But there were problems. The computer arrived with
the wrong flavor of Linux. Then there was a power
supply problem. But we mis-diagnosed it as a disk
problem, and that took additional weeks. As these got
fixed the machine sat dark. I got used to ignoring
it; after all, I had my trusty W98 Thinkpad.
Occasionally I'd finger the Linux Certified system's
keyboard, but I'd forget the basics, like the root
password and where my documents folder was. The
combination of the new physical machine, the new,
somewhat quirky operating system and a set of new
applications -- none of which were tightly integrated
– made a difficult scene worse. Result: I never
became adept.

When my Thinkpad crashed, I pulled out the Linux
Certified machine but couldn't bring it up on my WiFi
network. I didn't have the phone number of my trusty
Lindows consultant, so I sent him email, but 24/7
wasn't part of our agreement. I had contracted a paid
24/7 help agreement with Lindows, but when I called, I
got an answering machine (and a call back about 24+7
hours later, which hit my own voice message system).
Not. Good.

So I drove down to my local Mac store and bought a PowerBook G4.
Best move I've ever made. What took me so long? The
folks at MacPC Sales were helpful, they sent me to
DriveSavers, who recovered my Thinkpad's hard disk (to
the extent possible). I'm back in business, and I'm a
proud Mac convert. It was easy. And the Mac does so
much more, and so much more simply, than my W98
Thinkpad ever did. (One exception: ACDsee, the photo
organizer, has no Mac equivalent.)

Ask me about my Macintosh!


I've been using cable modems for home connectivity for
longer than almost anybody. This is literally true.
In the mid-90s, Norm Schryer at Bell Labs convinced
Suburban Cable to do cable modem service as a research
project. I took home one of Norm's prototype cable
modems. There were more components than a Heathkit.
I laid them out on the floor of my study and wired
them together. It looked like somebody spilled the
spaghetti pot. The upstream channel was dial-up. It
took three days and a service call to the cableco (to
rewire my drop) to get it working. My wife demanded
to know why this was better than dial-up, and I had
no good answer beyond “research.”

So now I am on my third cable modem provider, Optimum
Online by Continental Cablevision. It's reliable, but
now they're making it intelligent.

Intelligent. I should spell that Int&*%$gent.

First I noticed that I couldn't put out the SMART
Letter. After 150 or so emails, the Optimum Online
SMTP server froze up. A few minutes later it'd work
fine, but it'd only take another few dozen. The
Customer Service droids didn't know nuthin. OK, I
figured, maybe Cablevision is trying to stop zombie

So I got another SMTP service,, and for
a while it worked fine. Then it didn't; it generated
error messages about unauthorized use of Port 25.

I called up Customer Service again. They said that
Optimum Online was blocking Port 25. For My Own Good.
But I could buy Business Service for $109 a month;
What does $109 buy me that my previous $40 doesn’t?
An unblocked Port 25. What else? "That's about it,"
was the response.

OK, so I can't use Optimum Online’s SMTP server for
my application. And I can't use anybody else's.
Four freedoms my ass, Chairman Powell!

Answer: Verizon DSL at $30 a month.
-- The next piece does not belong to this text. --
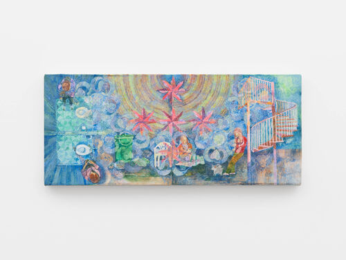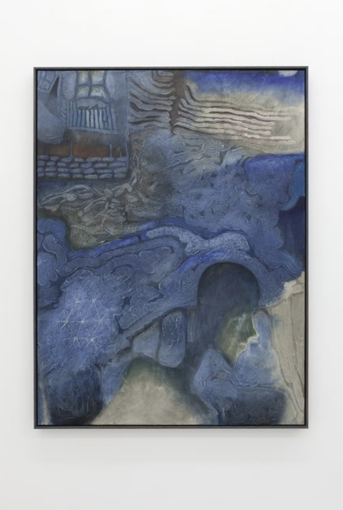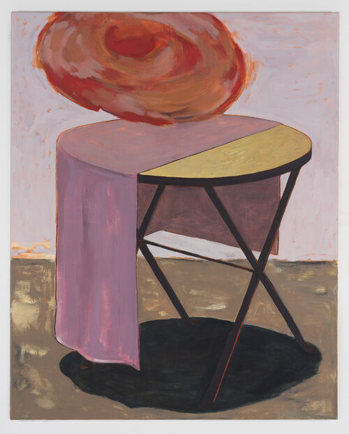 Similarly, Detroit native Flaugher’s contribution to “hello dust!” (whose title is taken from a poem by a 15th-century Buddhist monk) includes a series of paintings and installations focusing on stark depictions of furniture and interior settings. In these mundane scenes, something uncanny lingers—a single chair next to a white tablecloth-covered table, surrounded by blue spiraling specters, for instance, in Erratic Metric (2023).

Notably slower
than cable. Whole lotta caching goin' on. Occasional
DNS lookup failures. Customer Service people that
know even less than Cablevision's. But it doesn't
seem to be blocking any ports, and their Customer
Service people are trained to say that it won't.
Here's hoping that Verizon's Common Carrier ethic
holds, despite de jure departures. And here’s hoping
that the duopoly duo doesn't collude further.

[Answer #2: Along the way I discovered A-List Hosting . Steve and Valerie Crisp
deliver friendly and personal service. They’re always
there to answer a question, and it costs $10/month to
deliver up to 2 SMART Letters a month. Such a deal.]

Occasionally the cable's good for a big fat download.
So far, I have not dropped it, even though I should.
For now, I have two wireless networks in my house, for
much less than the cost of Continental's so-called
Business Service. (See “Buy as many 9s as you need.”)


[I invite those who feel that The SMART Letter should
limit itself to network stuff and not address politics
to stop reading now. I'll write what I want; you read
what you want. – David I]

The United States, my country, invaded Iraq and it is
trying to occupy it. The oil men who run my country
invaded a country that just happens to have the second
largest proven oil reserves on the planet in the very
same year that, per hypothesis, global oil production
peaks. The bogus reasons for this war given by our
government -- that Iraq was preparing to use weapons
of mass destruction against the United States, that
Saddam and Osama are allies, that Iraq was complicit
in the attacks of September 11, 2001, and that life in
Iraq would be better under U.S. occupation -- are
still believed by large numbers of U.S. Citizens.
This is a failure of the education of U.S. citizens.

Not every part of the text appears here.